INFORMATION SUPPLIED:
------------------------
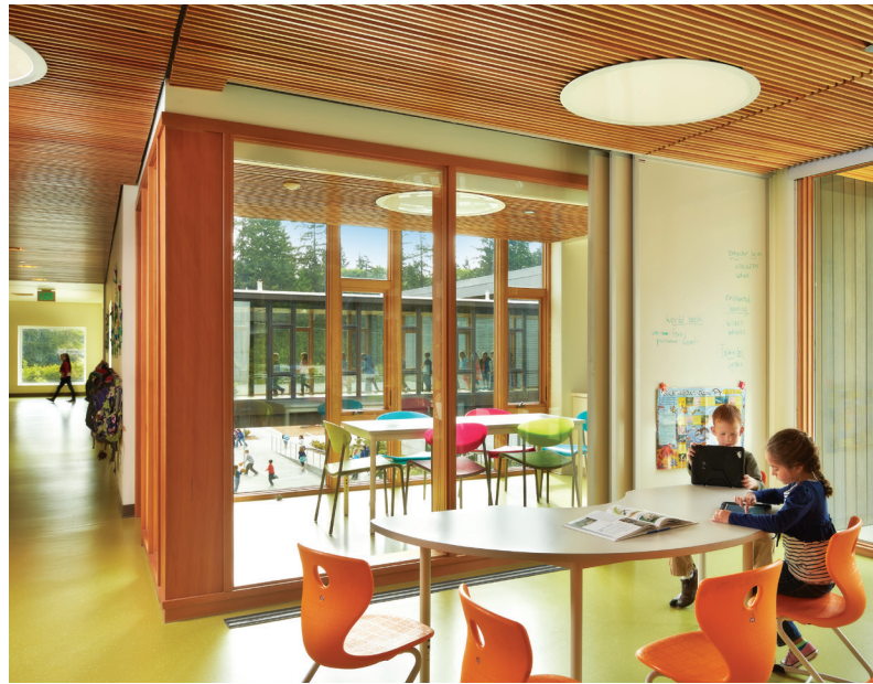
Wilkes Elementary School / Bainbridge Island, WA Mahlum Architects

While gypsum wallboard is often used as a finish in wood-frame wall assemblies to meet criteria such as fire resistance and acoustics, it is prone to damage from impact, scratches, and moisture. It is easily repaired in patches, but this can be costly and time consuming, and is less than ideal for school facilities.
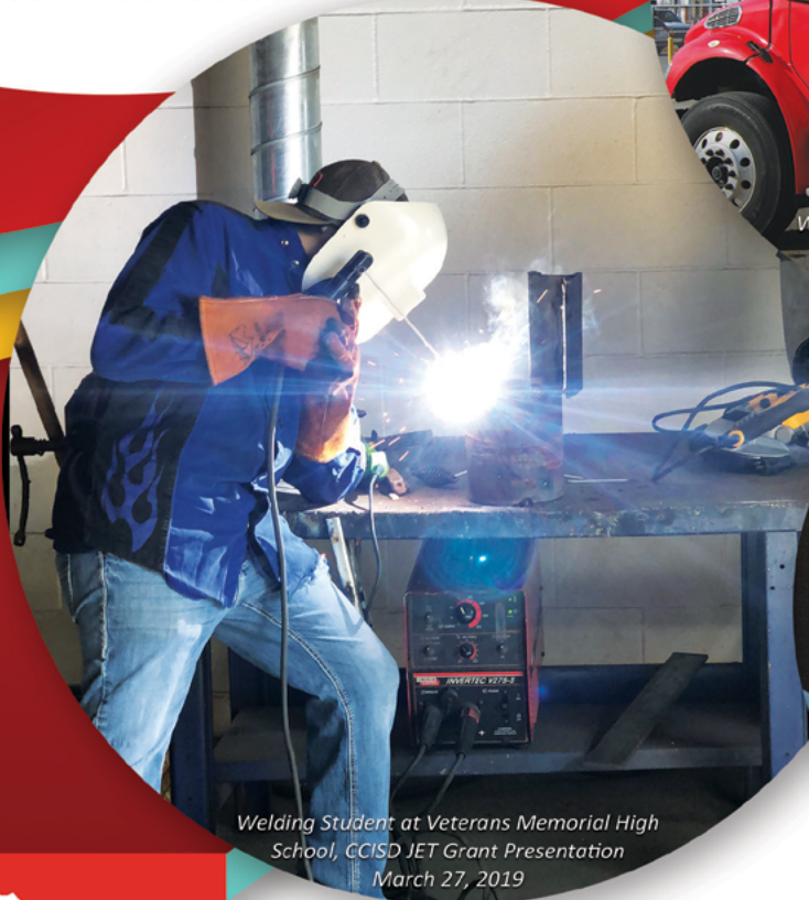
Welding Student at Veterans Memorial High School, CCISD JET Grant Presentation March 27, 2019
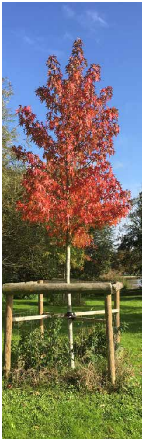
Cover: Christmas flower arrangement at St. Bartholomew's, Fingest. This page: Liquidambar autumn colour, Medmenham.
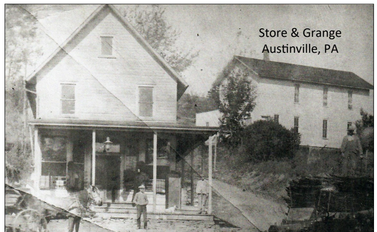
Store & Grange Austinville, PA

Items can be dropped off any Tuesday 9-3
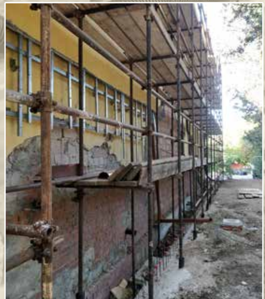
The north façade
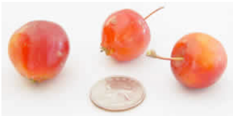
Evereste Crab Apples

'Dolgo' is commonly planted as it is an all-purpose crab apple. It can be eaten fresh, pickled, canned, or used for jelly, apple butter, or cider. The fruit is 1 ½ inches in diameter, more round than the 'Centennial,' and bright red. The prolific fruit ripens in early September and will quickly fall to the ground if not picked. The flower buds are pink, then open to white. The one drawback to 'Dolgo' is its scab susceptibility. In order to maintain a healthy tree and fruit quality, a regular spray program is required.
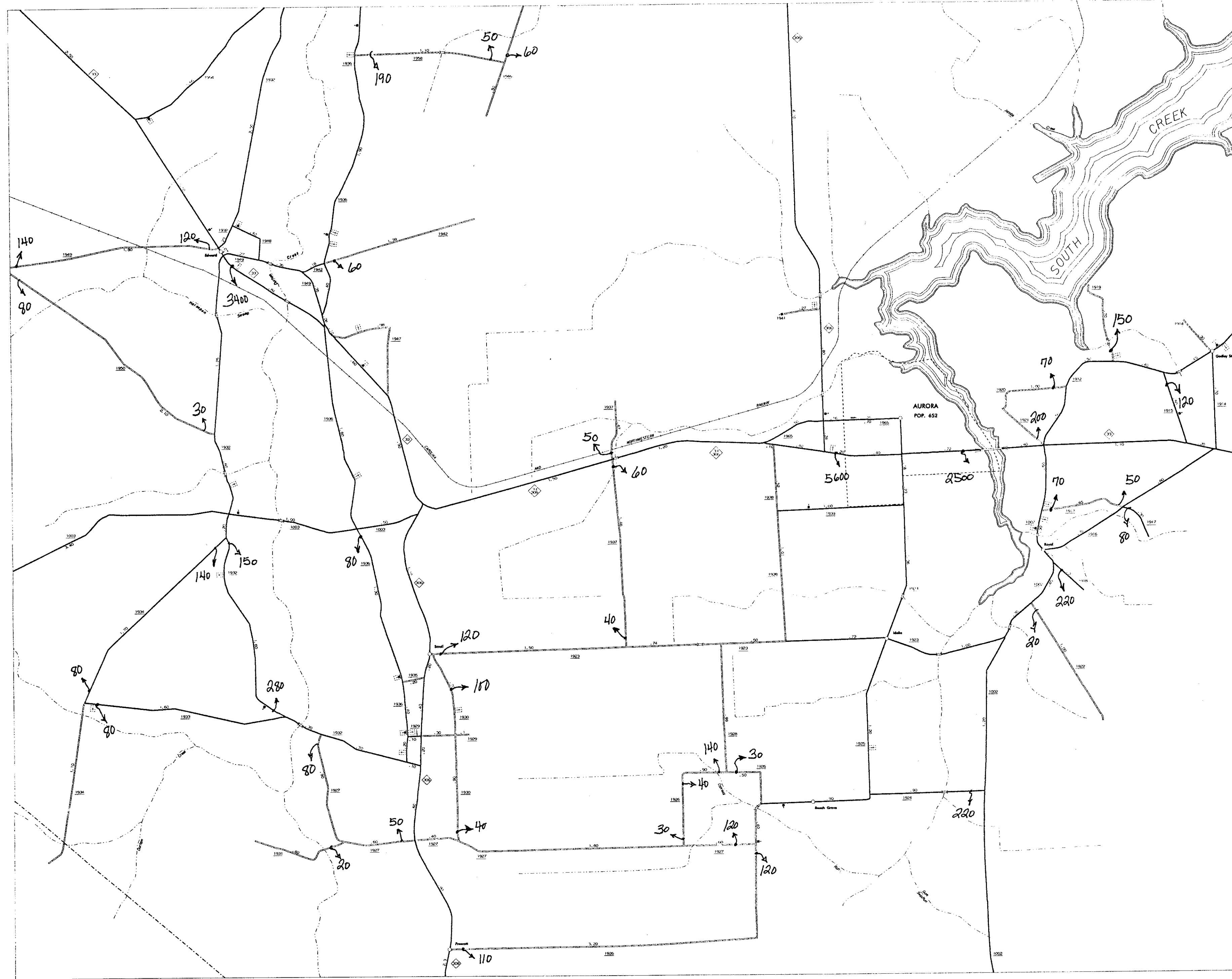
AURORA AND VICINITY
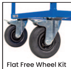
Flat Free Wheel Kit
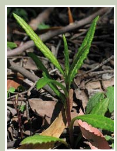
Native: fireweed groundsel
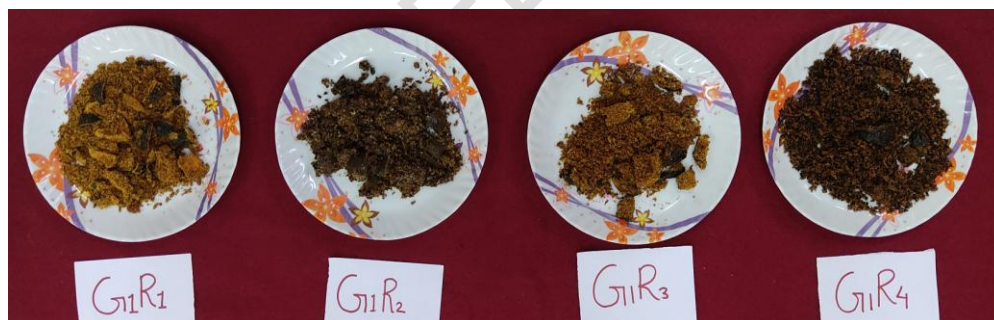
Fig. – 1. Mango pickle of genotype-1 (Galu) and recipe-I, II, III and IV after 150 days of storage
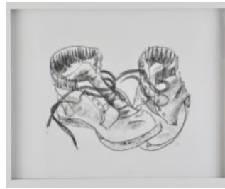
3rd DRAWING Patricia Fleming
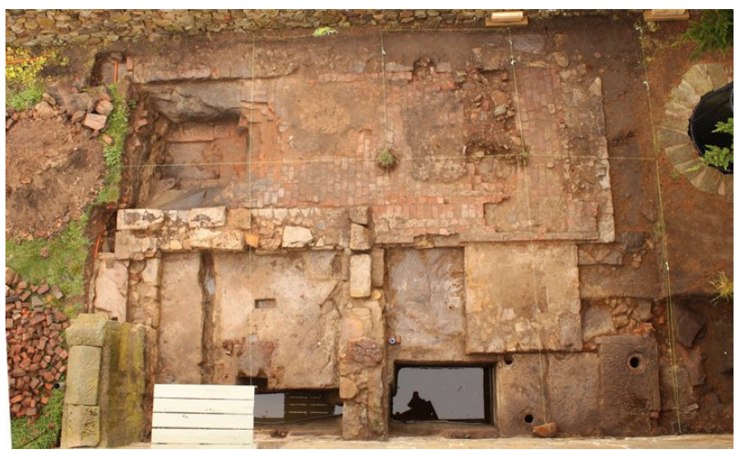
The footprint of the Callington Steam Mill, uncovered in 2011.
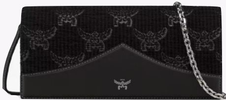
DIAMOND CLUTCH IN LAURETOS LUREX JACQUARD (SMALL) THB 31,300 / NOW THB 21,910
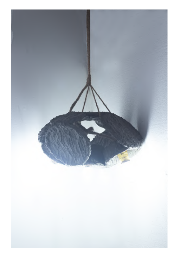
light suffers if there's no place to fall to (no. 6), 2021

LED light, plastic food container, and cement 7h x 15w in 17.78h x 38.10w cm SLABPANO39
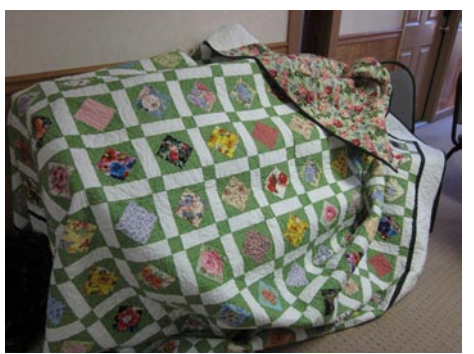
A Walk in the Garden quilt

Using the pattern created by the local quilters, and their own fabric, the Island Quilt members pieced over 140 floral blocks that were used in the quilt. At a guild meeting and at Marsha Korpanty's house, The Island Quilters pieced the
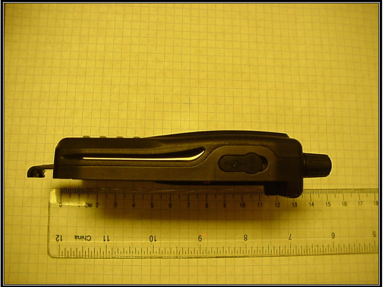
Photograph 10: Right Side View
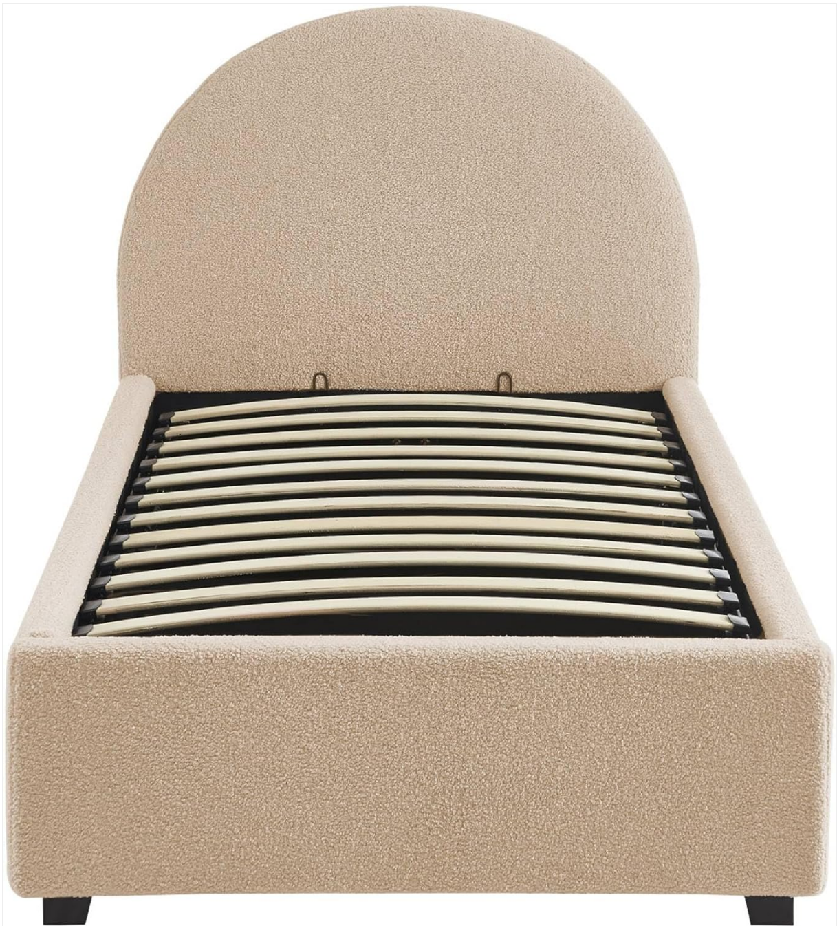
Figure 2: Detail of the slatted base and lifting mechanism.
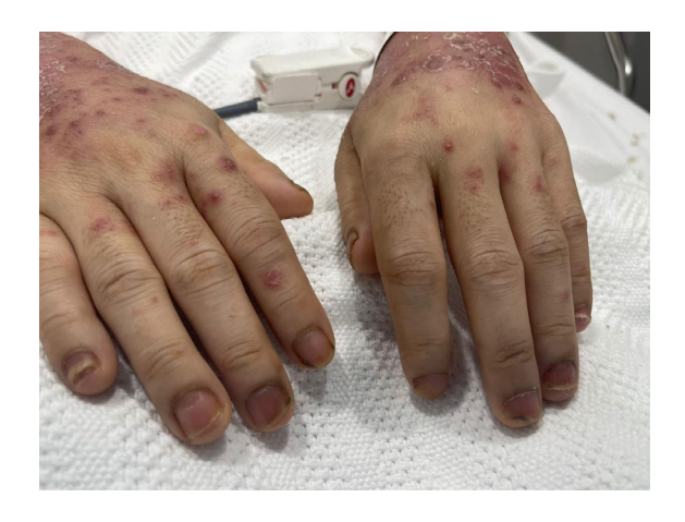
FIGURE 2 Showed nail pitting

She was admitted for 5 days during she received generous IV hydration and started on oral Cyclosporine 100 mg twice daily therapy (after SARS-CoV-2 was negative), along with oral minocycline, topical mometasone 1% cream with emollients. The renal function was stable. Her skin rash improved significantly, and she was discharged on cyclosporine and mometasone cream with dermatology follow-up.
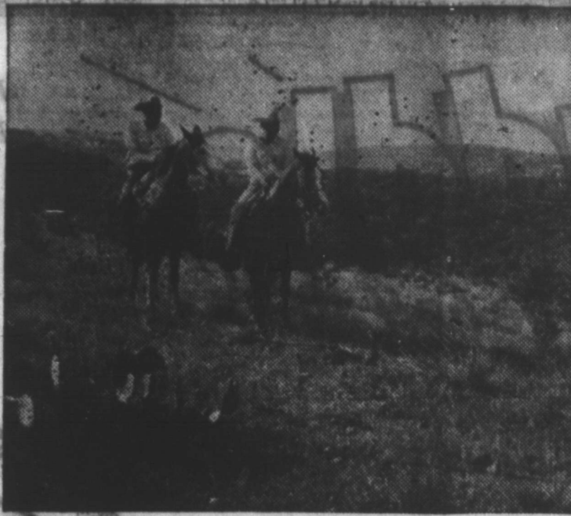
RIDING THE DEVIL'S BACKBONE —An area of growing tourist popularity in the hill country southwest of Austin, where these two ranchers are riding along the Devil's Backbone, a scenic range of hills, not far from Canyon Dam Lake. President Lyndon B. Johnson's famed "LBJ Ranch," only a few miles north of the area, has served to focus motorists' attention to this region.
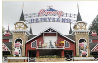
Cimory Dairy Land
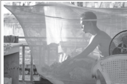
A Cambodian man sits inside a mosquito net in Kandal Province, Cambodia, on 26 Oct, 2011.
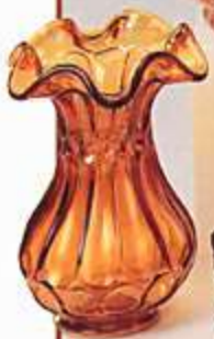
9050 AM Vase, 5 1/2" (*)
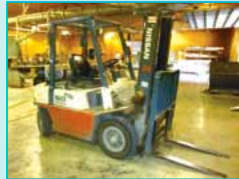
NISSAN 5,000 LB. LP FORK TRUCK
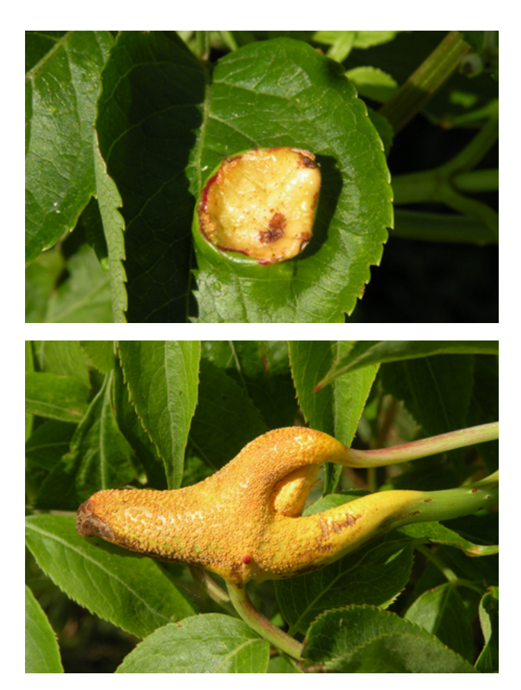
Elderberry rust on leaf blade (top) and petiole (bottom)

Birds of several species will feed on elderberry fruit and can cause significant crop losses; those selections with pendulous (downhanging) cymes appear to be less attractive to birds.
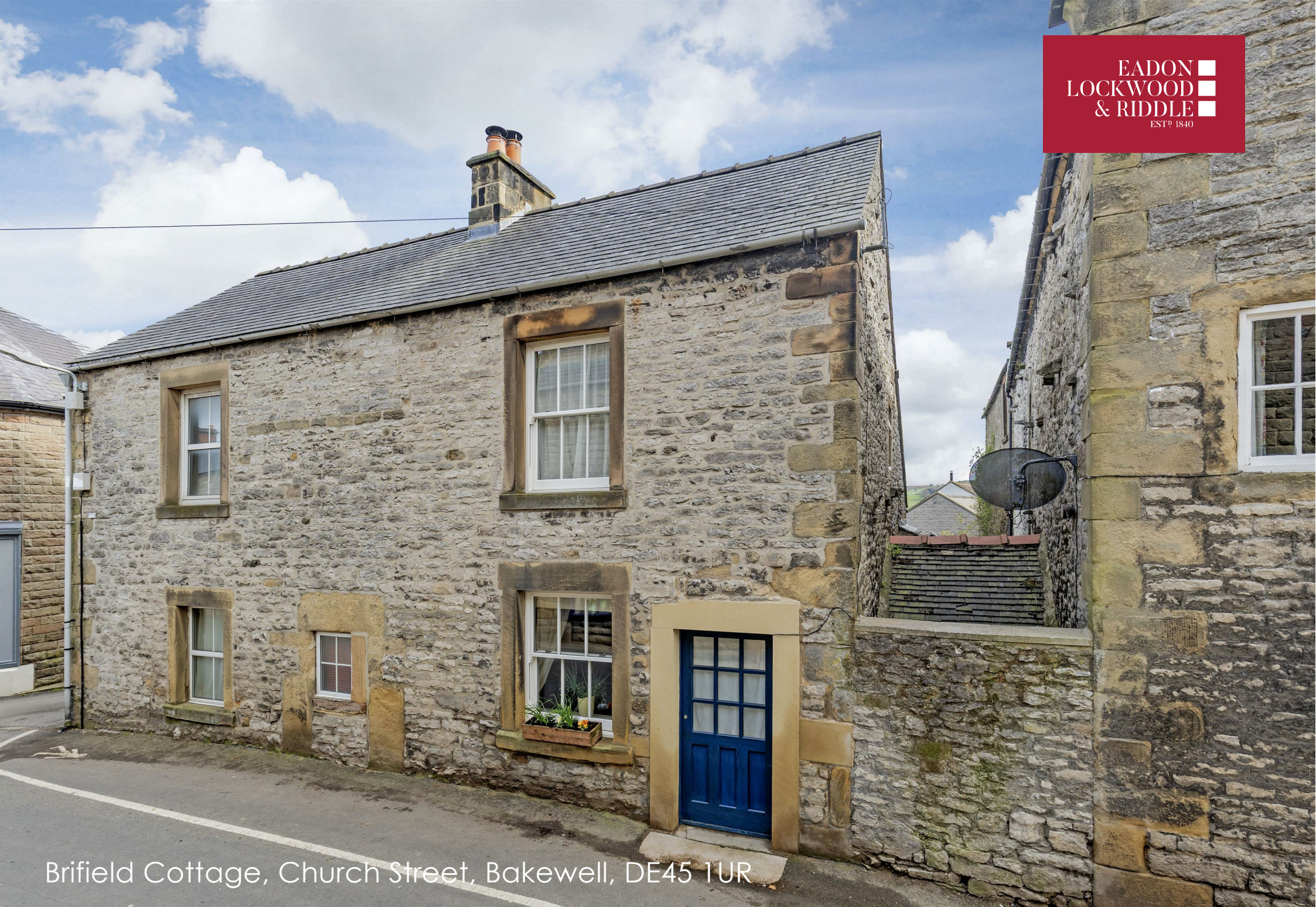
Brifield Cottage, Church Street, Bakewell, DE45 1UR
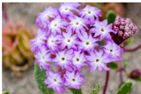
Pink sand-verbena

2.44 Parks Canada published 7 reports on the implementation of the recovery strategies for 6 wildlife species at risk that it was the lead for and 4 reports on related action plans. Six of the 7 reports on the implementation of recovery strategies were published after the 5-year period required by the act. However, each report covered the period from the original posting of the recovery strategy. For 2 species—the Banff Springs snail and the pink sand-verbena—the
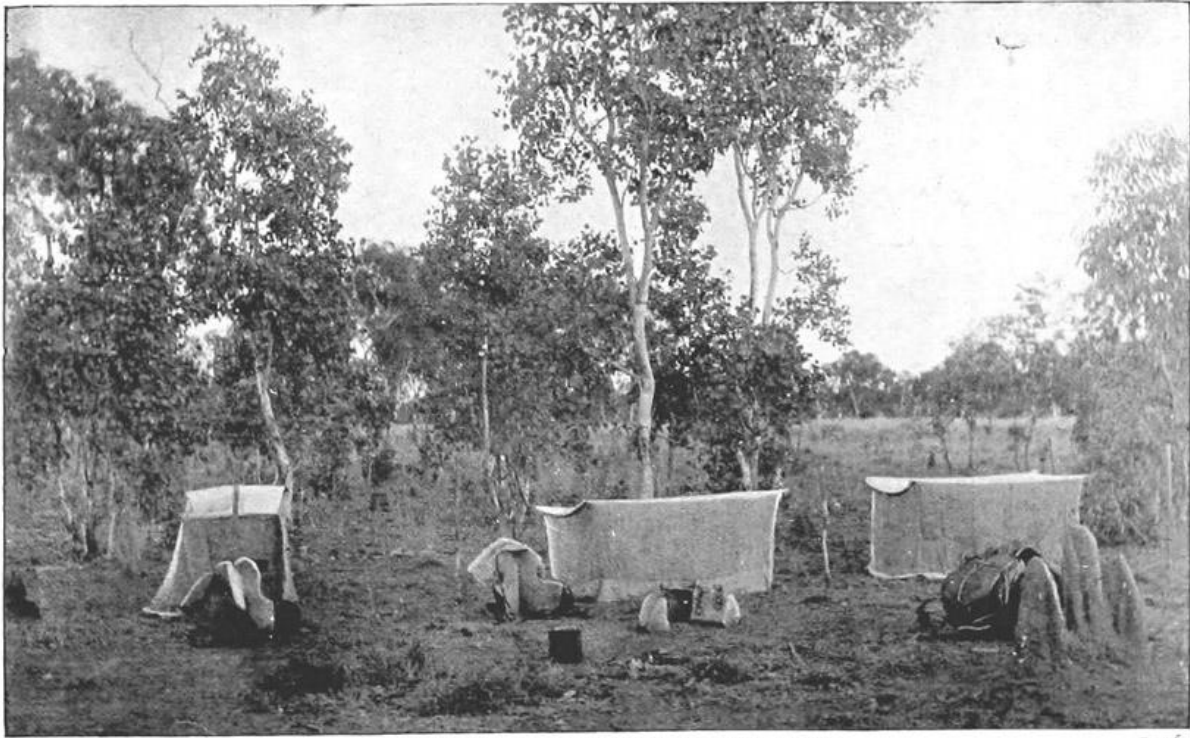
A NIGHT CAMP IN THE NEVER-NEVER.
------------------------
YOUR INSTRUCTIONS:
Leaving out every picture, repeat the records above exactly as they stand.

SOLUTION FOR THIS TASK:
Wilkes Elementary School / Bainbridge Island, WA Mahlum Architects

While gypsum wallboard is often used as a finish in wood-frame wall assemblies to meet criteria such as fire resistance and acoustics, it is prone to damage from impact, scratches, and moisture. It is easily repaired in patches, but this can be costly and time consuming, and is less than ideal for school facilities.
Welding Student at Veterans Memorial High School, CCISD JET Grant Presentation March 27, 2019
Cover: Christmas flower arrangement at St. Bartholomew's, Fingest. This page: Liquidambar autumn colour, Medmenham.
Store & Grange Austinville, PA

Items can be dropped off any Tuesday 9-3
The north façade
Evereste Crab Apples

'Dolgo' is commonly planted as it is an all-purpose crab apple. It can be eaten fresh, pickled, canned, or used for jelly, apple butter, or cider. The fruit is 1 ½ inches in diameter, more round than the 'Centennial,' and bright red. The prolific fruit ripens in early September and will quickly fall to the ground if not picked. The flower buds are pink, then open to white. The one drawback to 'Dolgo' is its scab susceptibility. In order to maintain a healthy tree and fruit quality, a regular spray program is required.
AURORA AND VICINITY
Flat Free Wheel Kit
Native: fireweed groundsel
Fig. – 1. Mango pickle of genotype-1 (Galu) and recipe-I, II, III and IV after 150 days of storage
3rd DRAWING Patricia Fleming
The footprint of the Callington Steam Mill, uncovered in 2011.
DIAMOND CLUTCH IN LAURETOS LUREX JACQUARD (SMALL) THB 31,300 / NOW THB 21,910
light suffers if there's no place to fall to (no. 6), 2021

LED light, plastic food container, and cement 7h x 15w in 17.78h x 38.10w cm SLABPANO39
A Walk in the Garden quilt

Using the pattern created by the local quilters, and their own fabric, the Island Quilt members pieced over 140 floral blocks that were used in the quilt. At a guild meeting and at Marsha Korpanty's house, The Island Quilters pieced the
Photograph 10: Right Side View
Figure 2: Detail of the slatted base and lifting mechanism.
FIGURE 2 Showed nail pitting

She was admitted for 5 days during she received generous IV hydration and started on oral Cyclosporine 100 mg twice daily therapy (after SARS-CoV-2 was negative), along with oral minocycline, topical mometasone 1% cream with emollients. The renal function was stable. Her skin rash improved significantly, and she was discharged on cyclosporine and mometasone cream with dermatology follow-up.
RIDING THE DEVIL'S BACKBONE —An area of growing tourist popularity in the hill country southwest of Austin, where these two ranchers are riding along the Devil's Backbone, a scenic range of hills, not far from Canyon Dam Lake. President Lyndon B. Johnson's famed "LBJ Ranch," only a few miles north of the area, has served to focus motorists' attention to this region.
Cimory Dairy Land
A Cambodian man sits inside a mosquito net in Kandal Province, Cambodia, on 26 Oct, 2011.
9050 AM Vase, 5 1/2" (*)
NISSAN 5,000 LB. LP FORK TRUCK
Elderberry rust on leaf blade (top) and petiole (bottom)

Birds of several species will feed on elderberry fruit and can cause significant crop losses; those selections with pendulous (downhanging) cymes appear to be less attractive to birds.
Brifield Cottage, Church Street, Bakewell, DE45 1UR
Pink sand-verbena

2.44 Parks Canada published 7 reports on the implementation of the recovery strategies for 6 wildlife species at risk that it was the lead for and 4 reports on related action plans. Six of the 7 reports on the implementation of recovery strategies were published after the 5-year period required by the act. However, each report covered the period from the original posting of the recovery strategy. For 2 species—the Banff Springs snail and the pink sand-verbena—the
A NIGHT CAMP IN THE NEVER-NEVER.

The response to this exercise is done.